WHAT TO PRODUCE:
Locate "10月8日下午,我院在文外楼" in the data below, then output the line it is on and all following lines through the last, word for word. Skip any pictures.

-- DATA BLOCK follows --

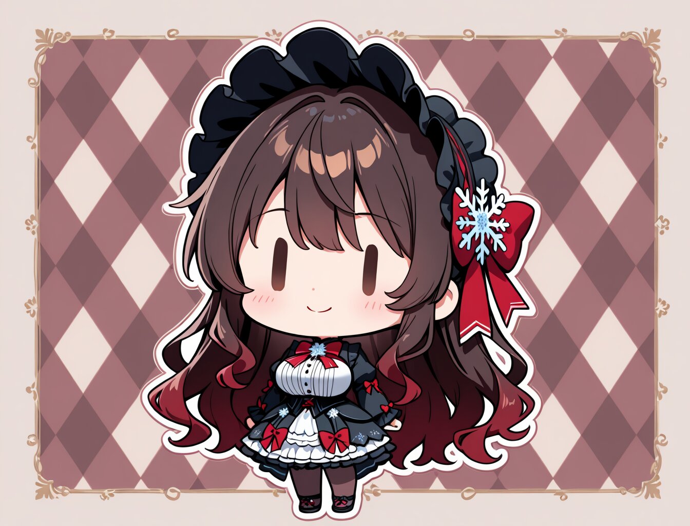 masterpiece,best quality,ultra detailed,dark brown hair,red tips,red bow,wavy hair,long hair,snowflake_hair_ornament,big breast,seductive_smile,gothic_lolita, BREAK chibi,full body,1girl,solo,(| |:1.3),comic,abstract_background,argyle_background,red and brown,
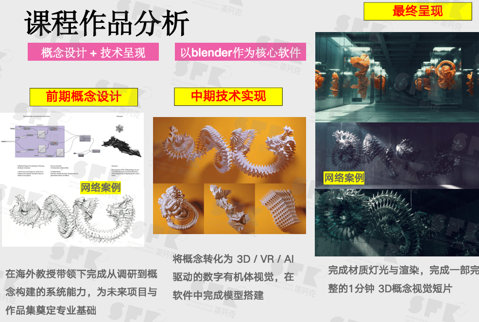 整体课程不仅仅掌握将抽象概念转化为视觉作品的设计能力,还能培养将技术与哲学思考结合的深度创作能力
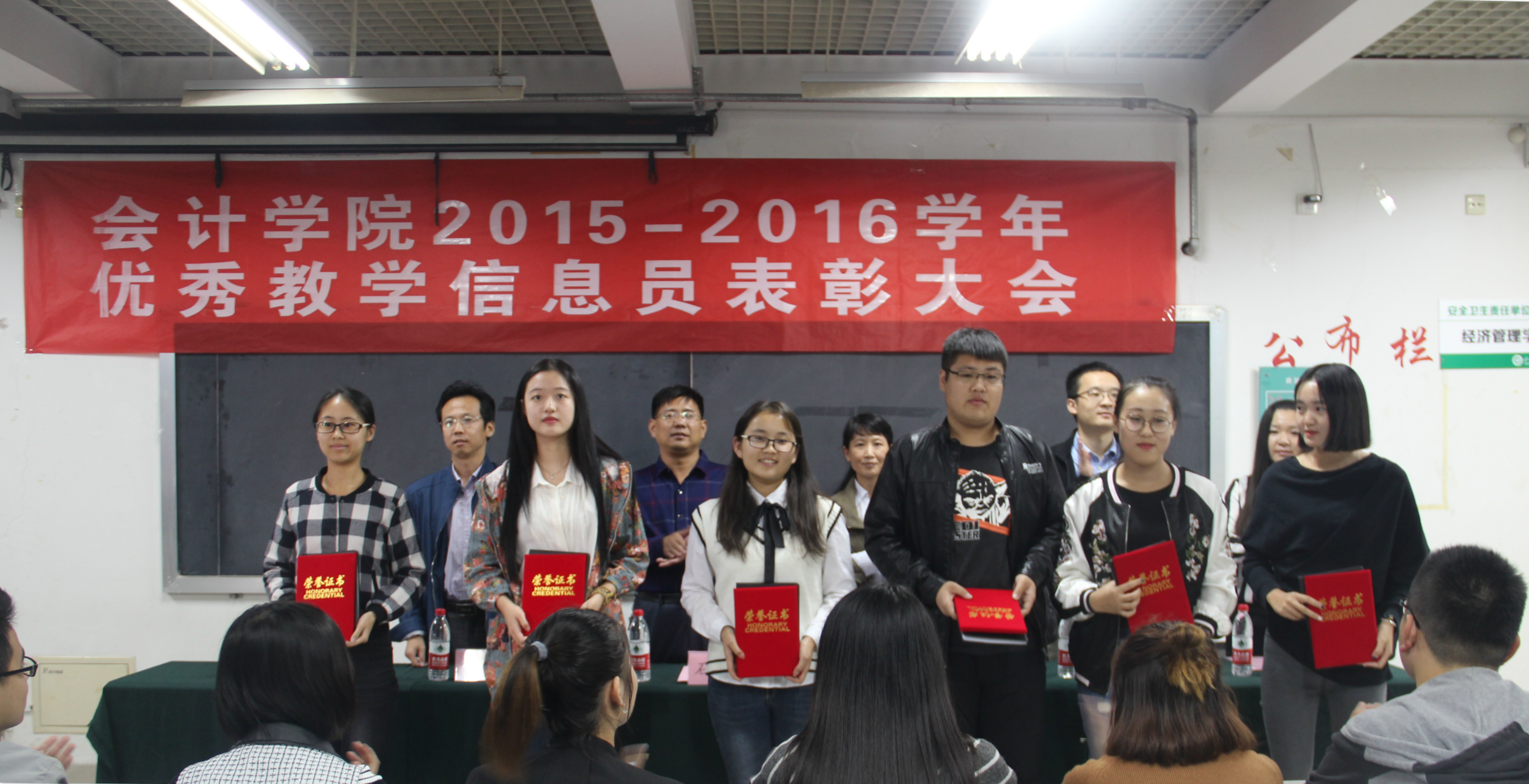 10月8日下午,我院在文外楼307教室召开教学信息员会议,对2015-2016学年表现优秀的15名学生教学信息员进行隆重表彰。党总支副书记石瑞宝、办公室主任倪国锋、教学科研管理办公室主任冯素珍和团总支张月阳、全体教学信息员以及近150名学生代表参加了会议。会议由教学科研管理办公室张晓媛主持。
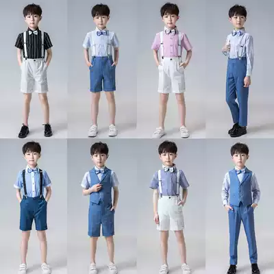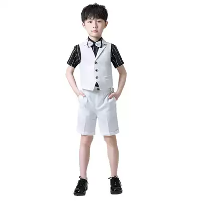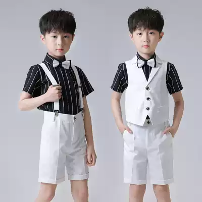 1 blue vest shorts short shirt bow tie 2 blue shirt shorts baby bag bow tie 3 black shirt white shorts hug baby bag bow tie 4 black shirt white shorts tie 5 white vest white shorts short lining

-- DATA BLOCK concluded --

THE COMPLETED TASK:
 10月8日下午,我院在文外楼307教室召开教学信息员会议,对2015-2016学年表现优秀的15名学生教学信息员进行隆重表彰。党总支副书记石瑞宝、办公室主任倪国锋、教学科研管理办公室主任冯素珍和团总支张月阳、全体教学信息员以及近150名学生代表参加了会议。会议由教学科研管理办公室张晓媛主持。
 1 blue vest shorts short shirt bow tie 2 blue shirt shorts baby bag bow tie 3 black shirt white shorts hug baby bag bow tie 4 black shirt white shorts tie 5 white vest white shorts short lining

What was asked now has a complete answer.